The Beauty of Holiness and the Miracle of Sanctification

Puritan Thomas Watson says it well. “After the fall, the affections were misplaced on wrong objects; in sanctification, they are turned into a sweet order and harmony, the grief placed on sin, the love on God, the joy on heaven.”*

Regeneration is the awakening and enlivening of the spiritual heart, and sanctification is the ongoing work of recalibrating the affections to cherish what God cherishes. And because we are becoming like what we worship, this is a critical work of grace in our hearts.

Sanctification is more than saying “no” to sin. Sanctification says “yes” to holiness and glad obedience to Jesus. Sanctification says yes to loving God and what he loves. Sanctification is all about retraining our delights.

God’s holiness is reflected in his beauty and attractiveness. It is his “utterly unique divine essence” (Piper). God’s holiness is his drawing, pulling, tugging splendor (Psalms 29:2, 96:9). For the wicked, God’s holiness is revolting. For the awakened, the great works of regeneration and sanctification bring true spiritual delight to the holy. Piper writes, “The battle to be holy — the battle for sanctification — is a battle fought at the level of what we love, what we cherish and treasure and delight in.”**

The work of sanctification is rooted in the miracle of God who moves our affections from the sin that looks appealing to a delight in God’s will and sincere obedience (Psalms 1:2; 40:8, 112:1, 119:47). Sanctification is a miracle because it’s a matter of affections, and this is where the battle is fought.

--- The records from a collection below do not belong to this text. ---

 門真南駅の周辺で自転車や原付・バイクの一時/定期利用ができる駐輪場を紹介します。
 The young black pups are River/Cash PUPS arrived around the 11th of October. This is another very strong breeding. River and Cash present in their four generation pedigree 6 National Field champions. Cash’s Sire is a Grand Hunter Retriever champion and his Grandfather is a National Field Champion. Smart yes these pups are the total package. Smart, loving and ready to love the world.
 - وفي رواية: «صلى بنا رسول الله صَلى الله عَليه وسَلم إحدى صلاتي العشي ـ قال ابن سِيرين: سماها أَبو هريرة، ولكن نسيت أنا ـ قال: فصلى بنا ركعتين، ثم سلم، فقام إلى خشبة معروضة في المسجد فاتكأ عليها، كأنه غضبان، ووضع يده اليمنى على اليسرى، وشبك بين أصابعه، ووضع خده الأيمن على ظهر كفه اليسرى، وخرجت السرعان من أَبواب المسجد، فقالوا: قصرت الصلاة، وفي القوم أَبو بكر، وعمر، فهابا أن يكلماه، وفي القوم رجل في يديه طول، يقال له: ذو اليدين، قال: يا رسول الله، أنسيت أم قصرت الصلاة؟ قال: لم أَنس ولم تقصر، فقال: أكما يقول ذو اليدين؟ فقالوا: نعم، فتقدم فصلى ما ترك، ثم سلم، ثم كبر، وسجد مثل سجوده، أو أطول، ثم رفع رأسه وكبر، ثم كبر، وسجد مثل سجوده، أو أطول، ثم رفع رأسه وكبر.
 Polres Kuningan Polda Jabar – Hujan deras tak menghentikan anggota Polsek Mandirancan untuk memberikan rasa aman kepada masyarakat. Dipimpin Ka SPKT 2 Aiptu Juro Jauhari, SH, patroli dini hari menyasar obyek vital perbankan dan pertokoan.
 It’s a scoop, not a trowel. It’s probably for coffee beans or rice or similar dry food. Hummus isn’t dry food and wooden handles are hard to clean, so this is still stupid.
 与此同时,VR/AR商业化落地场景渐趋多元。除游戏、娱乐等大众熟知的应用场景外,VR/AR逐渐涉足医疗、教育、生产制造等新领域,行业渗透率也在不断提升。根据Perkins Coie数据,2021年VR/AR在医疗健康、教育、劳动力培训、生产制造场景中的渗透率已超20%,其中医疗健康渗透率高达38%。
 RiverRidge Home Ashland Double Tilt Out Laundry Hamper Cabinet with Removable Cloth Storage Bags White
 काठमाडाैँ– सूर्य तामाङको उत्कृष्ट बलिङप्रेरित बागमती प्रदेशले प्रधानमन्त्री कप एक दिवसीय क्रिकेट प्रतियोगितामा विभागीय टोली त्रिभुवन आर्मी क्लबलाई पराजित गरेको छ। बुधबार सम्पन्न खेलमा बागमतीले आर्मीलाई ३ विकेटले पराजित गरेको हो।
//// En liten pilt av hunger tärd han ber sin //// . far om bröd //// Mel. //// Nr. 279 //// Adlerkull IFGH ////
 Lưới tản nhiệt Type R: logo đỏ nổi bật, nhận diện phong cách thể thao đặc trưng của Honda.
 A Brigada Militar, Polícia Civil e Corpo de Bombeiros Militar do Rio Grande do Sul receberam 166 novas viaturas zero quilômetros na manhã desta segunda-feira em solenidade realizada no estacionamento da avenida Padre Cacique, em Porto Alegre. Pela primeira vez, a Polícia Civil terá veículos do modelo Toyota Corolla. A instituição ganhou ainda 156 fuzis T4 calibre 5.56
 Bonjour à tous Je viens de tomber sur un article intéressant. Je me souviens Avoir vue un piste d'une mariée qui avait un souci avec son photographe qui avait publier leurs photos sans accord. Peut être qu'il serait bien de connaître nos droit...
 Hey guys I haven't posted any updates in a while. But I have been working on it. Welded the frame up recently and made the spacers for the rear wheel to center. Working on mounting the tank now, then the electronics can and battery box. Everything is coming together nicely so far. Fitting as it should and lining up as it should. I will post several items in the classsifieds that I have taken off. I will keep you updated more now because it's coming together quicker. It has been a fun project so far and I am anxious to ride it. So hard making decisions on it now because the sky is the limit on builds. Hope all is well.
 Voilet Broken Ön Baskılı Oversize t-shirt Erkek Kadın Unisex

Puritan John Flavel understood this point, and returned to the Garden of Eden, when he wrote, “What is sin but the corrupt and vitiated appetite of the creature, to things that are earthly and sensual, relishing more sweetness and delight in them, than in the blessed God? And what is sanctification, but the rectifying of these inordinate affections, and placing them on their proper object?”***

Progressive sanctification is the undoing in our lives of the tragic appetite for the forbidden that we inherited from Adam and Eve. At its root, sanctification is a miracle of God, an ongoing process of emptying sin of its pleasure and allurement, and of deepening our delight in holiness and obedience. And it’s an ongoing process and fight.

A sure mark of the Spirit’s work in our lives is evidenced when we rejoice in what God rejoices in. In fact, that’s why we are gathering in Minneapolis this weekend for the Pleasures of God seminar. We want hearts alive and awake to delight in what brings God delight. There is no higher purpose for our pursuit of holiness.


* Thomas Watson, A Body of Divinity, 241.

** John Piper, The Legacy of Sovereign Joy (Crossway, 2006), 146.

*** John Flavel, Works of John Flavel, 6:53.